▶ _DESCRIPTION OF THE TASK_: Output, word for word, the line that contains "Strawberry Pink Pearled" and all lines following it to the end of the listing. Drop the pictures.

▶ _INFORMATION SUPPLIED_:

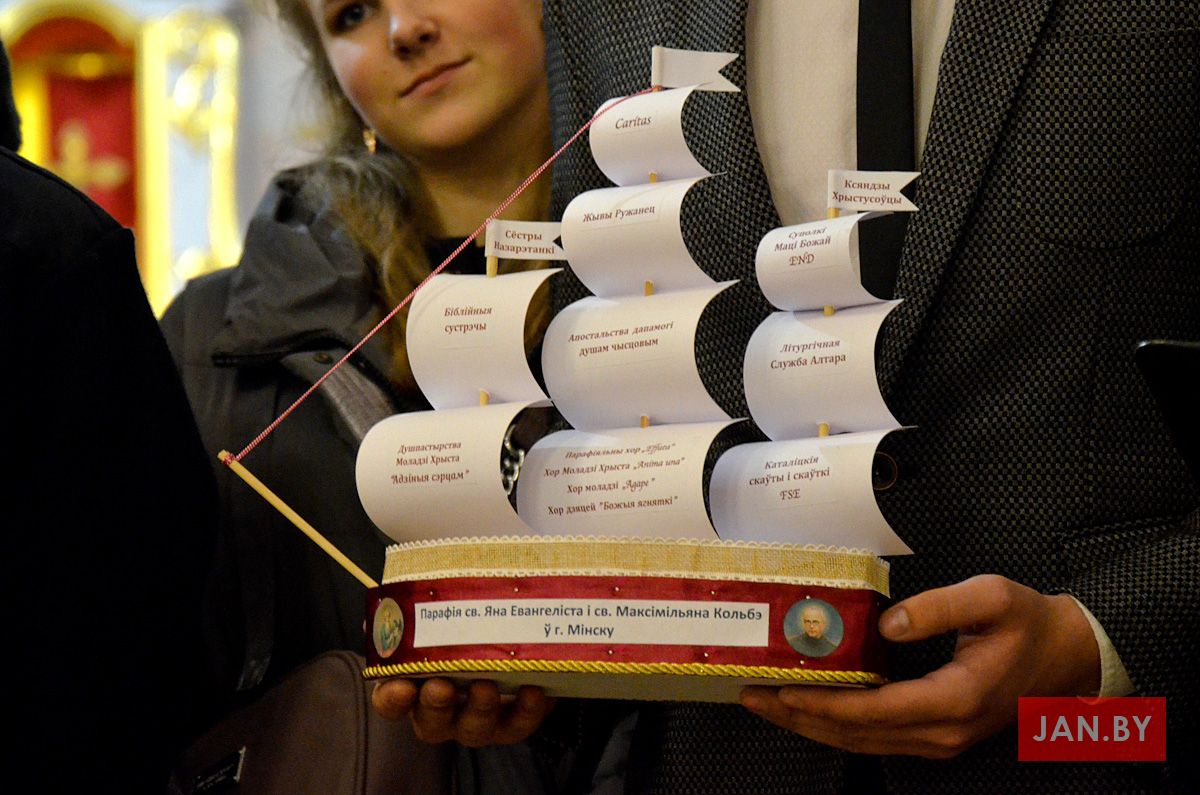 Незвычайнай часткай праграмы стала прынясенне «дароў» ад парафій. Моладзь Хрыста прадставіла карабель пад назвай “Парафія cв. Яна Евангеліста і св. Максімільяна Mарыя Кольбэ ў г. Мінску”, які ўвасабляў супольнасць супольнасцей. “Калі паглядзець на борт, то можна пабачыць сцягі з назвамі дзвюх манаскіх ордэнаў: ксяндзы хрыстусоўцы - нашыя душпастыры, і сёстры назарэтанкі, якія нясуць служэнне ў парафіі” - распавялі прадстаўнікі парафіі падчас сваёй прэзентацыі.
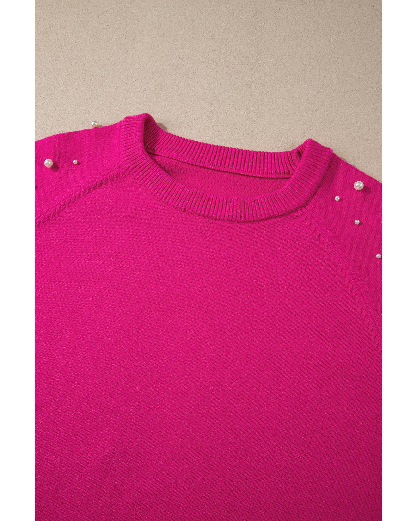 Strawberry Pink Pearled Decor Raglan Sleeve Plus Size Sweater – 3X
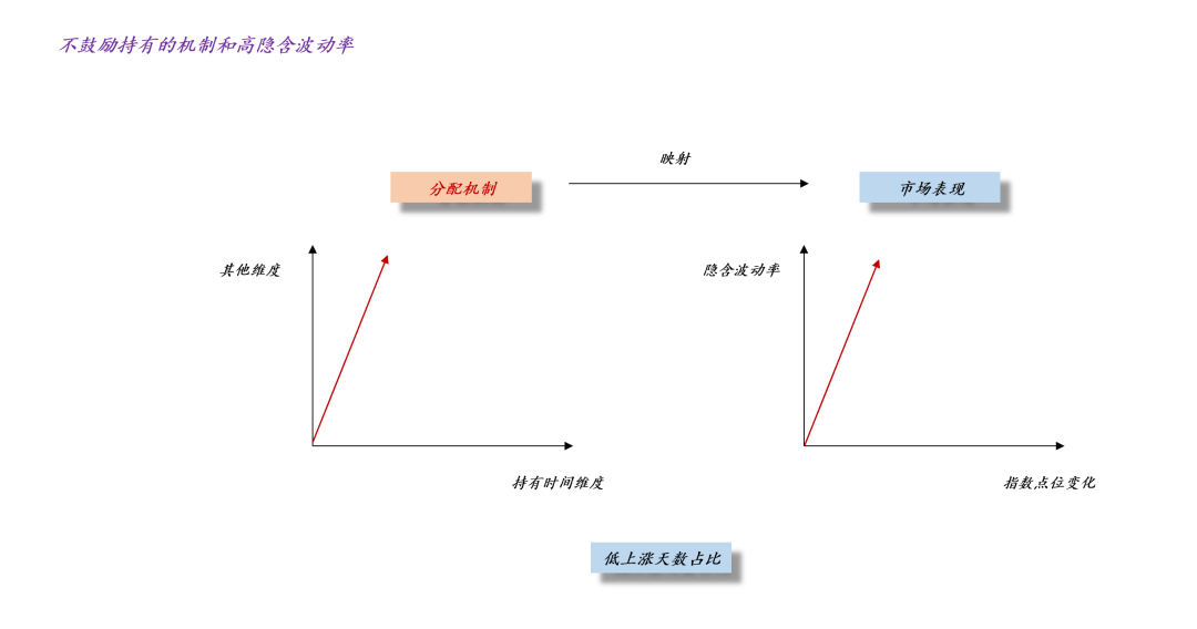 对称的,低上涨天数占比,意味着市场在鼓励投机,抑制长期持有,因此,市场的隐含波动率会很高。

▶ _RESPONSE BELOW_:
 Strawberry Pink Pearled Decor Raglan Sleeve Plus Size Sweater – 3X
 对称的,低上涨天数占比,意味着市场在鼓励投机,抑制长期持有,因此,市场的隐含波动率会很高。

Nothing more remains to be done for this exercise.